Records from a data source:
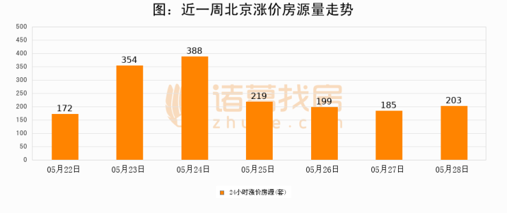 根据诸葛找房数据显示,北京24小时涨价房源量为203套,较05月27日增加18套,环比上涨9.7%。与此同时,涨价房源占比小幅扩大,业主信心有所提升。
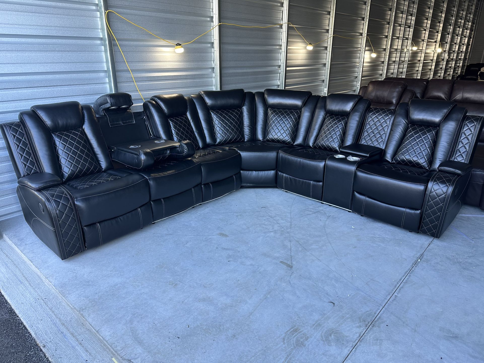 Brand New Black Power Reclining Sectional Sofa Couch
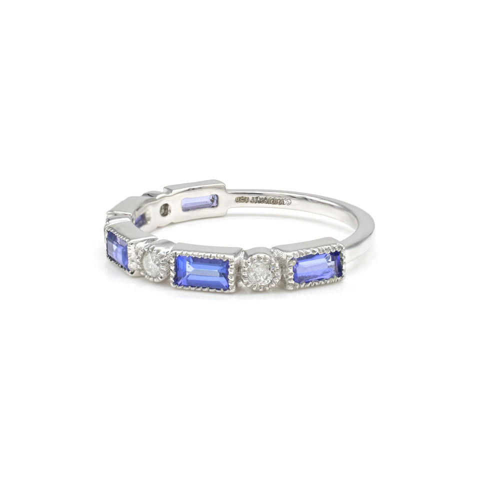 Bague empilable en or massif 14 carats avec diamants et tanzanite taille baguette 4x2mm, demi-alliance éternité, cadeau de mariage pour elle, fournisseur de bijoux fins
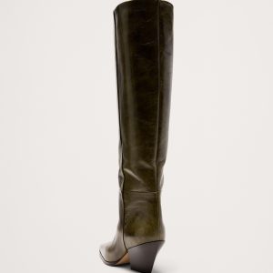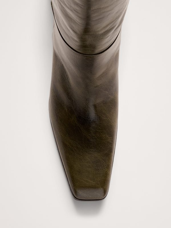 Our take on the season’s Western boot silhouettes, we opted here for a squared-toe and minimalist styling—the better to show off your choice of beautiful Italian leather or suede.
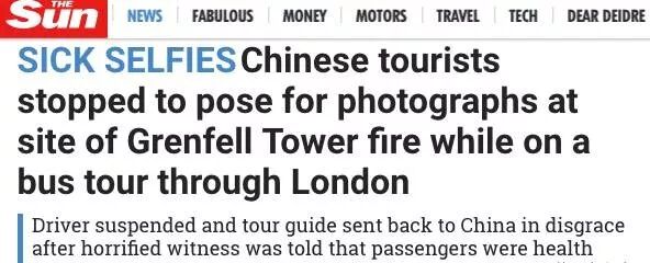 《太阳报》:“自拍病,中国游客在伦敦巴士游过程中,停至Grenfell Tower前自拍”

**Directions for this task**
Write out every entry above exactly, minus the pictures.

**Worked solution**
 根据诸葛找房数据显示,北京24小时涨价房源量为203套,较05月27日增加18套,环比上涨9.7%。与此同时,涨价房源占比小幅扩大,业主信心有所提升。
 Brand New Black Power Reclining Sectional Sofa Couch
 Bague empilable en or massif 14 carats avec diamants et tanzanite taille baguette 4x2mm, demi-alliance éternité, cadeau de mariage pour elle, fournisseur de bijoux fins
 Our take on the season’s Western boot silhouettes, we opted here for a squared-toe and minimalist styling—the better to show off your choice of beautiful Italian leather or suede.
 《太阳报》:“自拍病,中国游客在伦敦巴士游过程中,停至Grenfell Tower前自拍”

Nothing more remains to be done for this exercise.